Namun, pihak yang diduga dalam video tersebut membantah keras tudingan itu. Seorang wartawan berinisial AH dari media online Hiwaka mengaku dirinya berada di lokasi penangkapan dalam kapasitas menjalankan tugas jurnalistik, bukan mengikuti aparat tanpa tujuan jelas.
“Saya sedang di warung, lalu ada penangkapan. Karena itu bagian dari tugas jurnalistik, saya langsung melakukan peliputan dan merekam kejadian,” ujar AH.
Peristiwa bermula dari penangkapan seorang pria berinisial A alias Bule (28), warga Aceh Besar, oleh Satuan Reserse Narkoba Polres Karawang pada Selasa (14/04/2026) di kawasan Jalan Interchange Dawuan Kalihurip, Desa Cikampek Pusaka. Dalam operasi tersebut, polisi mengamankan 158 butir obat keras, terdiri dari 128 pil berlogo “MF” dan 30 butir Tramadol, serta uang tunai Rp1.600.000.
Namun polemik muncul pasca penangkapan. AH mengaku dihentikan petugas saat dalam perjalanan pulang menuju Rengasdengklok karena dicurigai mengikuti kendaraan polisi.

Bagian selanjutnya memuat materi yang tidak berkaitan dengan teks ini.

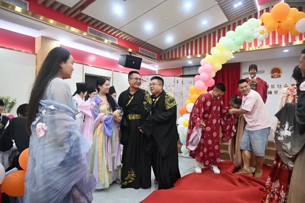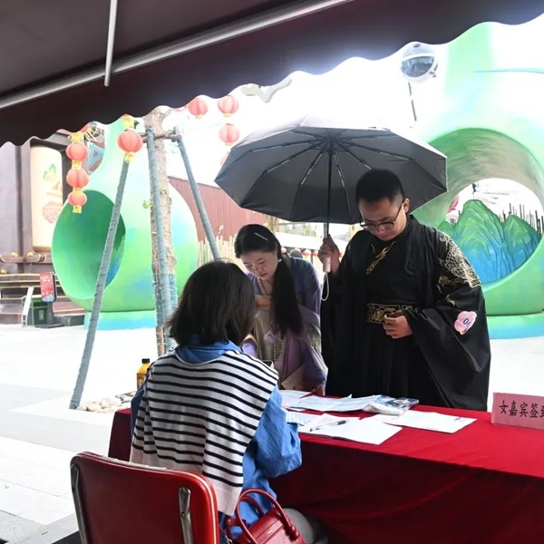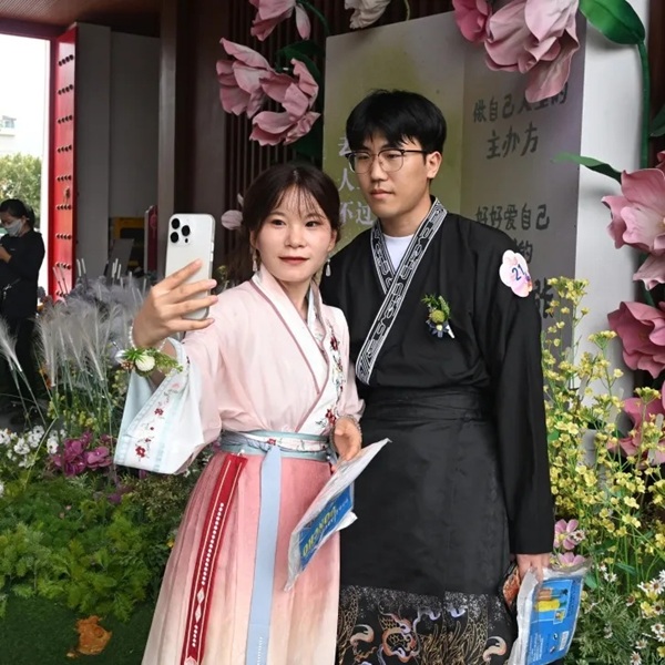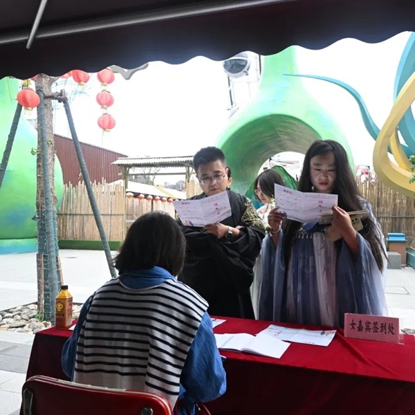 活動(dòng)伊始,身著典雅漢服的青年男女在花月薈主入口簽到,領(lǐng)取專屬胸針與手環(huán),于古韻氛圍中沉浸式感受傳統(tǒng)文化魅力。在隨后的游園定向挑戰(zhàn)環(huán)節(jié),男女嘉賓在繽紛花海中合影留念,協(xié)力完成“終極考官”設(shè)定的趣味任務(wù);高潮迭起的“喜從天降拋繡球”點(diǎn)燃全場(chǎng)熱情,成功搶得繡球的嘉賓組成“繡球CP”;在小劇場(chǎng)二樓,“愛情實(shí)驗(yàn)室”趣味游戲輪番上演,“桃花朵朵開”“蒙眼遞西瓜”……現(xiàn)場(chǎng)氣氛溫馨融洽。在主持人的鼓勵(lì)下,多位嘉賓勇敢表達(dá)心意,最終公司5名單身青年成功牽手,收獲全場(chǎng)熱烈掌聲與美好祝福。
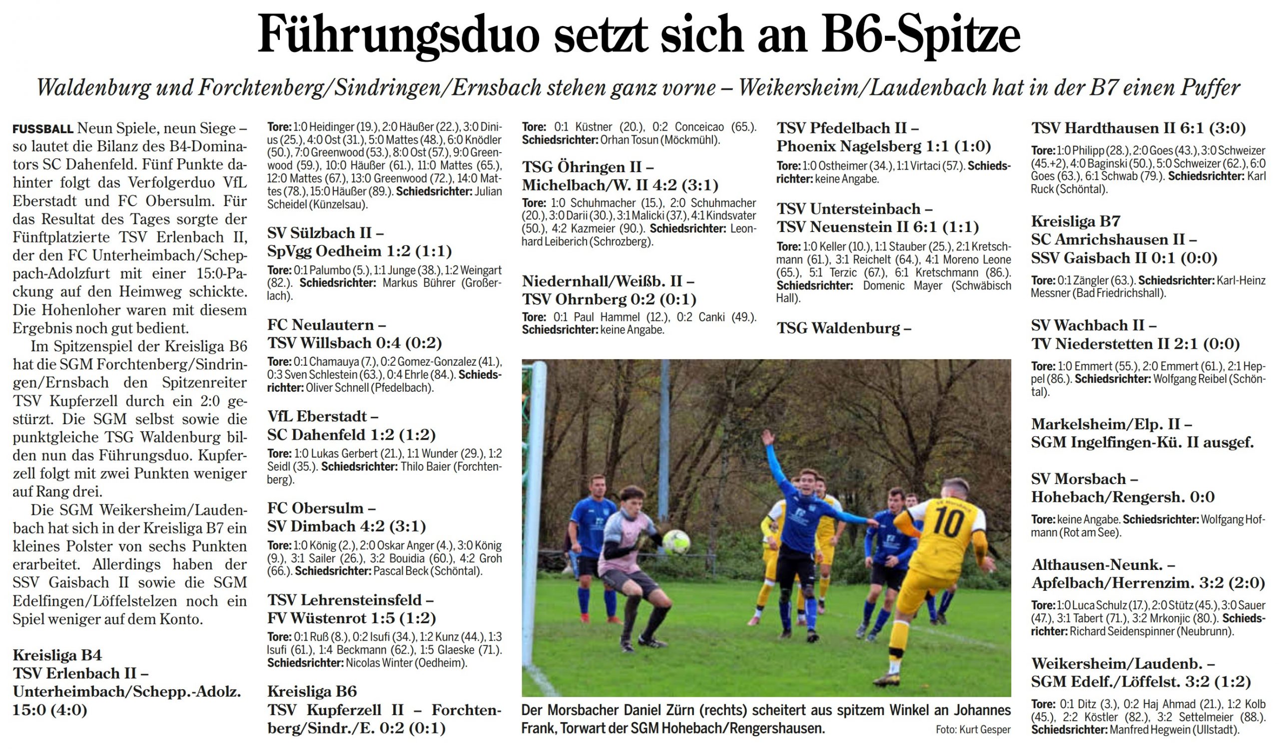 Die Ergebnisse des 10. Spieltags der Kreisliga B6 Hohenlohe:

“Saya ditanya kenapa ngikutin. Saya jelaskan itu jalur pulang saya. Tapi tetap dicurigai,” ungkapnya.
Situasi memanas saat AH tiba di depan Mapolres Karawang. Ia mengklaim diminta berhenti dan dipaksa menunjukkan hasil liputannya.
“Saya disuruh berhenti, lalu diminta menunjukkan video. Petugas bilang, ‘mana videonya, hapus semua’. Handphone saya diambil dan seluruh video liputan dihapus,” katanya.
Tak hanya itu, AH juga menilai penyebaran video oleh pihak kepolisian yang menggiring opini “wartawan bodong” telah mencoreng nama baik dan merusak kredibilitasnya sebagai jurnalis.
Kasus ini memunculkan dugaan benturan antara kewenangan aparat penegak hukum dan kebebasan pers. Di satu sisi, polisi memiliki otoritas dalam menjaga proses penyidikan. Namun di sisi lain, kerja jurnalistik dilindungi oleh Undang-Undang Nomor 40 Tahun 1999 tentang Pers.
Dalam Pasal 18 ayat (1) UU Pers disebutkan bahwa setiap pihak yang secara melawan hukum menghambat atau menghalangi kerja jurnalistik dapat dikenai sanksi pidana penjara hingga dua tahun atau denda maksimal Rp500 juta.
Selain itu, penyebaran konten yang berpotensi menggiring opini tanpa verifikasi dan klarifikasi berimbang juga membuka potensi persoalan hukum lain, termasuk dugaan pencemaran nama baik.
Hingga berita ini diterbitkan, belum ada keterangan resmi dari pihak Polres Karawang terkait dua isu utama, yakni dugaan penghapusan paksa materi jurnalistik serta penyebaran video yang memicu stigma terhadap wartawan. Upaya konfirmasi kepada Humas Polres Karawang melalui pesan WhatsApp juga belum mendapatkan tanggapan.
Peristiwa ini kini menjadi sorotan tajam publik. Bukan hanya soal satu kasus penangkapan, tetapi juga menyangkut batas kewenangan aparat, perlindungan profesi wartawan, serta etika dalam penyebaran informasi di ruang publik.